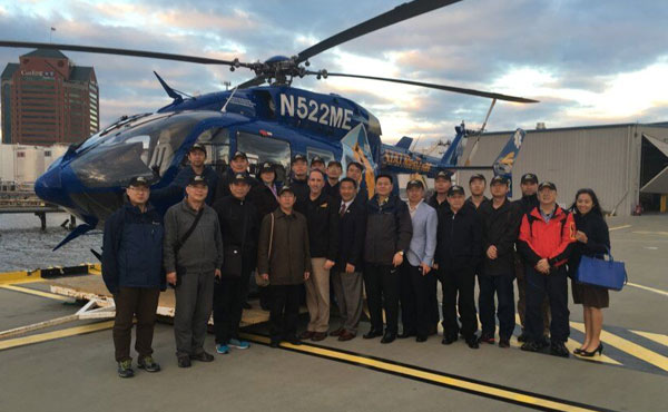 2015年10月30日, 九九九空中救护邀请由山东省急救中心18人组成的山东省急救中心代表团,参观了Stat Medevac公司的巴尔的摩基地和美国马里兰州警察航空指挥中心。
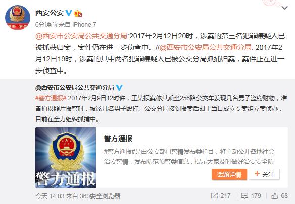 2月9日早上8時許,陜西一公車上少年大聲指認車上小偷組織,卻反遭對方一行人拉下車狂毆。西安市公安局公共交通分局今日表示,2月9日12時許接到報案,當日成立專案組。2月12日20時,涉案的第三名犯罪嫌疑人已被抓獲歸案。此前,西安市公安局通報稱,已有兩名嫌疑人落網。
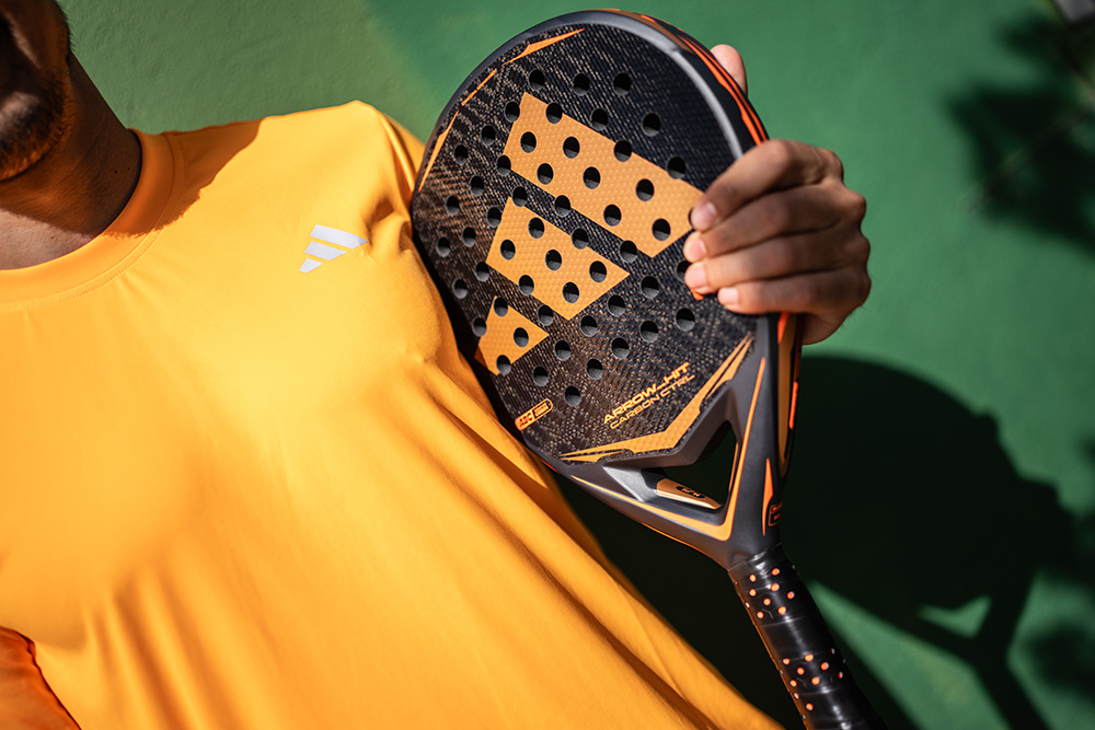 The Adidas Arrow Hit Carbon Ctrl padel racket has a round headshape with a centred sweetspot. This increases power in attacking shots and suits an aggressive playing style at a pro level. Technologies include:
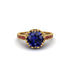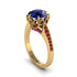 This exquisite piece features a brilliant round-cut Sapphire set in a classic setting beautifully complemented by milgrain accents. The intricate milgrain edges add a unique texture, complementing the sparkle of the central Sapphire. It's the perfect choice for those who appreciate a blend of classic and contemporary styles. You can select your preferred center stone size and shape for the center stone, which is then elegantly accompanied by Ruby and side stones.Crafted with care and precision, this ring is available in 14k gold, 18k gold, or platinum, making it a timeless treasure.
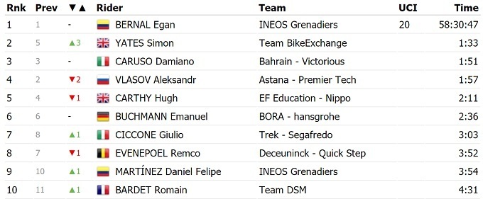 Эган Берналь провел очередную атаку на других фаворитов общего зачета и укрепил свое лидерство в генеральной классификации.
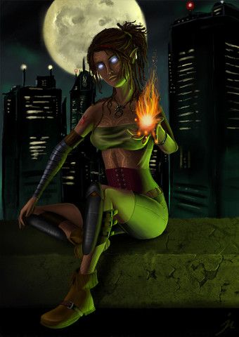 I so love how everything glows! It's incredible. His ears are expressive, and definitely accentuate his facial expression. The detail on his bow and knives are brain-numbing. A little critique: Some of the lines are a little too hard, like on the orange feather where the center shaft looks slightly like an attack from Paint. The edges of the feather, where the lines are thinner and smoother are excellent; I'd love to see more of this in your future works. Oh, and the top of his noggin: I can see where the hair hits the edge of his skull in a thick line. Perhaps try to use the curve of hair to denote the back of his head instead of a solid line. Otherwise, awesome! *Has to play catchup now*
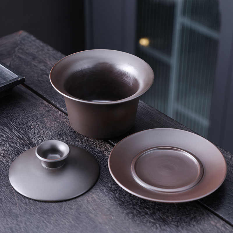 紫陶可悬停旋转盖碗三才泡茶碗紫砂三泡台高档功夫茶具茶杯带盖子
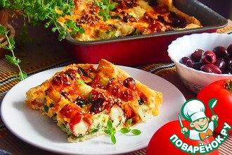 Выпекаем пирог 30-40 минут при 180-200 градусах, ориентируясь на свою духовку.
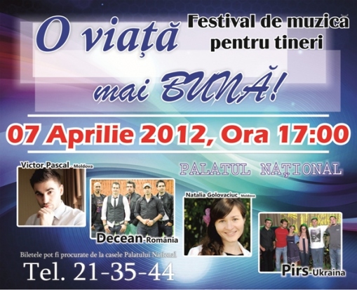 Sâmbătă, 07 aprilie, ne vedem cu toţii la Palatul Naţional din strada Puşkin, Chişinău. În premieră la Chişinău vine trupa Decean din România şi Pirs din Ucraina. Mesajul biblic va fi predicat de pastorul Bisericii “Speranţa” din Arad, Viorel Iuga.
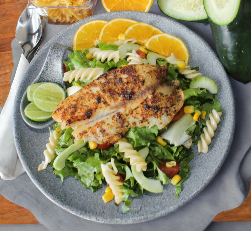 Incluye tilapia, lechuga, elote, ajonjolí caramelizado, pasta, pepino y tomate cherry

Work instructions: The lines from the one holding "I so love how" through the end of the entries are to be transcribed exactly, both ends included, with the pictures left out.

Solution to this problem:
 I so love how everything glows! It's incredible. His ears are expressive, and definitely accentuate his facial expression. The detail on his bow and knives are brain-numbing. A little critique: Some of the lines are a little too hard, like on the orange feather where the center shaft looks slightly like an attack from Paint. The edges of the feather, where the lines are thinner and smoother are excellent; I'd love to see more of this in your future works. Oh, and the top of his noggin: I can see where the hair hits the edge of his skull in a thick line. Perhaps try to use the curve of hair to denote the back of his head instead of a solid line. Otherwise, awesome! *Has to play catchup now*
 紫陶可悬停旋转盖碗三才泡茶碗紫砂三泡台高档功夫茶具茶杯带盖子
 Выпекаем пирог 30-40 минут при 180-200 градусах, ориентируясь на свою духовку.
 Sâmbătă, 07 aprilie, ne vedem cu toţii la Palatul Naţional din strada Puşkin, Chişinău. În premieră la Chişinău vine trupa Decean din România şi Pirs din Ucraina. Mesajul biblic va fi predicat de pastorul Bisericii “Speranţa” din Arad, Viorel Iuga.
 Incluye tilapia, lechuga, elote, ajonjolí caramelizado, pasta, pepino y tomate cherry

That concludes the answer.